- Your friends will change a lot over the next four years. Let them.
- If you don’t already have a refillable water bottle, get one. Water fountains are few and far between in college.
- Adjust your schedule around when you are most productive and creative. If you're nocturnal and do your best work late at night, embrace that. It may be the only time in your life when you can.
- If you write your best papers the night before they are due, don't let people tell you that you "should be more organized" or that you "should plan better." Different things work for different people.
- Become friends with your favorite professors. Recognize that they can learn from you too - in fact, that's part of the reason they chose to be professors.
- Embrace the differences between you and your classmates. Always be asking yourself, "what can I learn from this person?" More of your education will come from this than from any classroom.
- All-nighters are entirely overrated.
- Backup your files. There is nothing quite like deleting an entire semester’s worth of material before an important test or presentation.
- Take risks.
- Welcome failure into your lives. It's how we grow. What matters is not that you failed, but that you recovered.
- Take some classes that have nothing to do with your major(s), purely for the fun of it.
- Find a place where you feel inspired and motivated and go there often.
- When you're living on a college campus with 400 things going on every second of every day, watching TV is pretty much a waste of your time and a waste of your parents' money. If you're going to watch, watch with friends so at least you can call it a "valuable social experience."
- No matter what your political or religious beliefs, be open-minded. You're going to be challenged over the next four years in ways you can't imagine, across all fronts. You can't learn if you're closed off.

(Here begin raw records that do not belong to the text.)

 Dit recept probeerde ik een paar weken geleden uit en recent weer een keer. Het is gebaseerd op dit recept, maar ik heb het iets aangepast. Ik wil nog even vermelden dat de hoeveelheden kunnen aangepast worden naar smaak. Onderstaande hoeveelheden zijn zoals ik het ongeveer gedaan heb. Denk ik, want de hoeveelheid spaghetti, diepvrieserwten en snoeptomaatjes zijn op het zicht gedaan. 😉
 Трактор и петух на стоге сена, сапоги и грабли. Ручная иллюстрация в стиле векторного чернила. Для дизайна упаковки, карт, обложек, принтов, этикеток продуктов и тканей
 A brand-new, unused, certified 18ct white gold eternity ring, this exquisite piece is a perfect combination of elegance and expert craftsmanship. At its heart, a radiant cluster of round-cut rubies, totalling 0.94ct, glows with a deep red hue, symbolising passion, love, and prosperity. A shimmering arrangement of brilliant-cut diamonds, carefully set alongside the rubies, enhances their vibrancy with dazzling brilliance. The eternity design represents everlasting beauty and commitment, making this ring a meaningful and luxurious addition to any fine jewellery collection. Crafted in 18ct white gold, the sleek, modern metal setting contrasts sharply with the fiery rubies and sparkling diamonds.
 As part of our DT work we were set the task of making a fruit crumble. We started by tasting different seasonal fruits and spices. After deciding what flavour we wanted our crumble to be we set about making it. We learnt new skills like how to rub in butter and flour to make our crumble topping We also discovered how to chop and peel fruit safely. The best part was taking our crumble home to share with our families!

- Don't always lead. It's good to follow sometimes.
- Take a lot of pictures.
- Your health and safety are more important than anything.
- Ask for help. Often.
- Half of you will be in the bottom half of your class at any given moment. Way more than half of you will be in the bottom half of your class at some point in the next four years. Get used to it.

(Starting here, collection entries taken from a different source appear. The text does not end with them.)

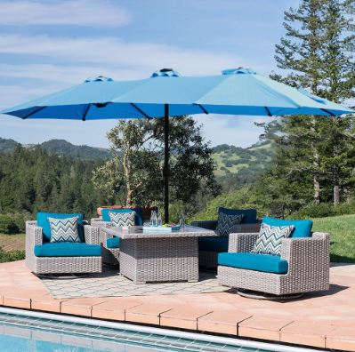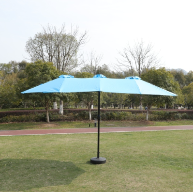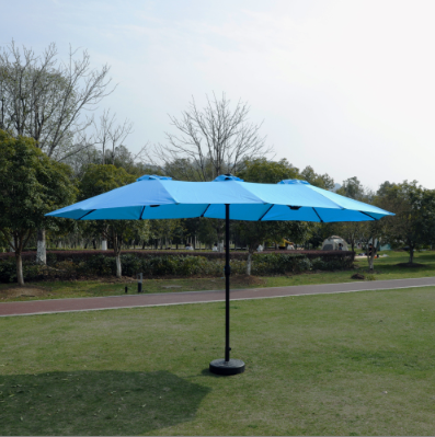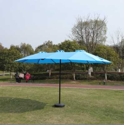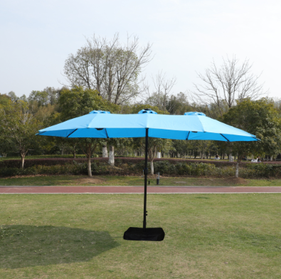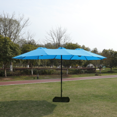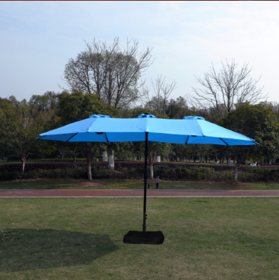 This unique choice double-sided rectangular patio market umbrella made of thick steel pole and quality polyester, which is anti-rust and waterproof that great for outdoor use. The 15 ft patio double-side umbrella provides an ample shade to keep you cool and protect from hot sun. The extra large double-sided design also matches your desk and chair and provides more shade area. You can easily use the crank to turn it on or off which is not only laborsaving but also safe. Vents give you more coolness and safety because it allows airflow and reduce wind pressure. Assembly is easy and can be done without the aid of tools.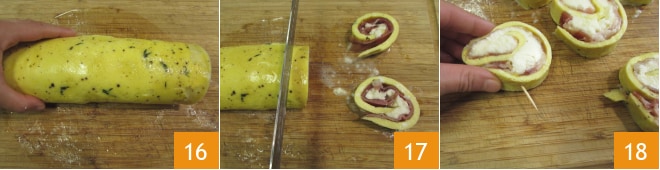 Enrole a omelete 16. Corte o rocambole em fatias, obtendo assim oito rolinhos 17 que você prenderá com um palito de dente 18.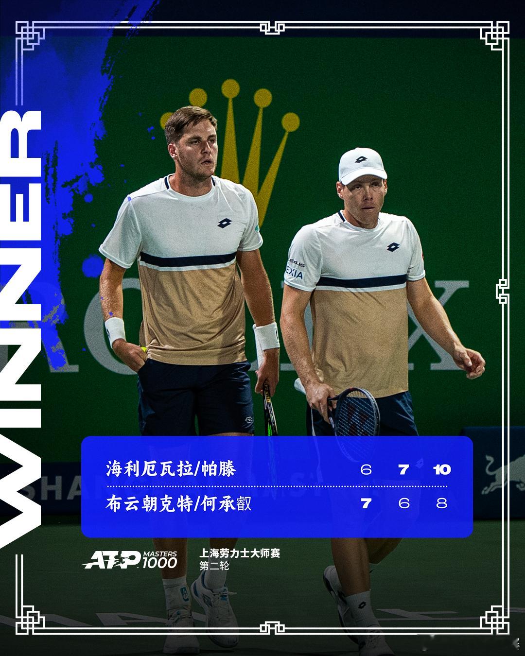 男双第二轮,持外卡出战的布云朝克特/何承叡错失一个赛点,以7-6(3) 6-7(4) 8-10不敌2号种子、中网冠军海利厄瓦拉/帕滕,遗憾无缘八强。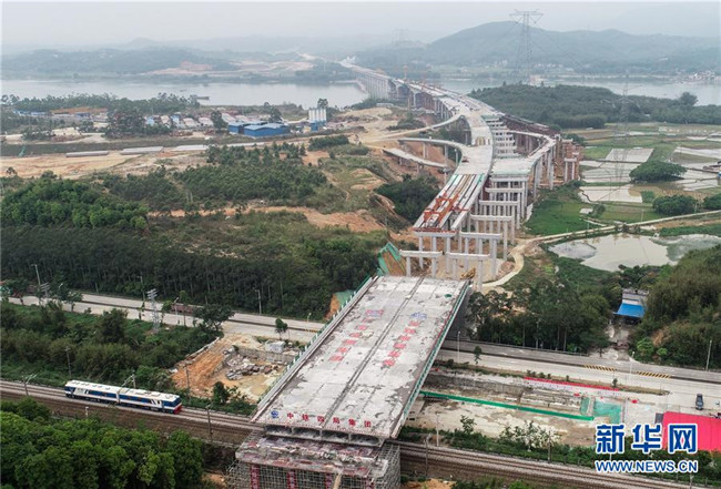 4月2日,由廣東省交通集團投資建設、中鐵四局承建的汕(頭)湛(江)高速公路北江特大橋跨京廣鐵路、國道G240轉體橋成功轉體,這是轉體橋轉體后的位置(無人機拍攝)。 新華社記者 劉大偉 攝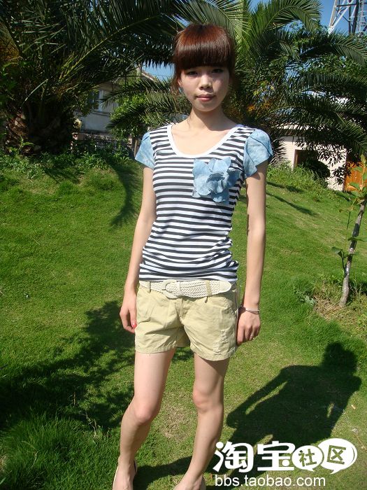 8.牛仔花朵条纹T恤+米色薄牛仔短裤+藤条腰带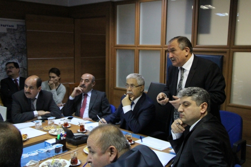 Çevre ve Şehircilik Bakanlığı Müsteşarı Prof. Dr. Mustafa Öztürk, Müsteşar Yardımcısı Mücahit Demirtaş, Bakanlık Genel Müdürleri ve İller Bankasından yetkililer Bolu Belediye Başkanı Alaaddin Yılmaz’ı ziyaret etti. Makamda gerçekleştirilen kısa ziyaretin ardından Müsteşar Öztürk ve beraberindeki heyet ile bir toplantı gerçekleştirildi. Bolu Belediyesi Encümen Salonu’nda gerçekleştirilen toplantıda Bolu Belediye Başkanı Alaaddin Yılmaz, Bolu Belediyesi tarafından hayata geçirilecek olan Karadere Suları, Pazaryeri Projesi, Atık Su Arıtma Tesisi 2. Kademe Projesi, Tavuk Atıklarının Enerjiye Dönüştürülmesi Projesi ve daha birçok Çevre ve Şehircilik Bakanlığı’nın çalışma alanındaki çevre projeleri hakkında Bakanlık Müsteşarı Prof. Dr. Mustafa Öztürk’e sunum yaparak destek istedi.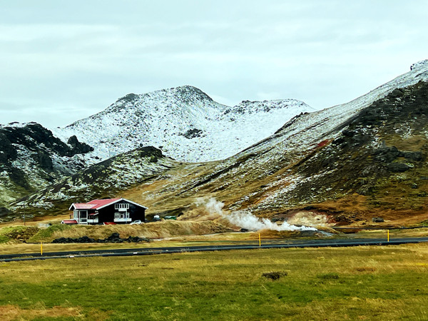 前往 格林达维克 小镇途中,见到公路不远处热气翻腾,是地热发电厂还是蓝湖温泉?大家猜测着。应该是发电厂(也许这就是距离 格林达维克 小镇6公里,向全 冰岛 供电的斯瓦特森吉地热发电厂,在此次火山喷发中受到重点保护的发电厂)。

- In the long run, where you go to college doesn't matter as much as what you do with the opportunities you're given there.
- Make a complete fool of yourself at least once, preferably more. It builds character.
- Wash your sheets more than once a year. Trust me on this one.
- Make a point to shower regularly.
- Don't be afraid of the weird pizza topping combinations that your new friend from across the country loves. Some of the truly awful ones actually taste pretty good. Expand your horizons.
- Explore the campus thoroughly. Don't get caught.
- Life is too short to stick with a course of study that you're no longer excited about. Switch, even if it complicates things.
- Tattoos are permanent. Be very certain.
- I guarantee that at least someone in your class has the same water bottle or writing utensils as you, make yours easily identifiable with a sticker of a dinosaur or something.
- Learn the textbook hustle. Don’t automatically buy books from the bookstore, there most likely is a cheaper version on Amazon.
- Be careful about letting people borrow stuff, it’ll probably come back broken or stained.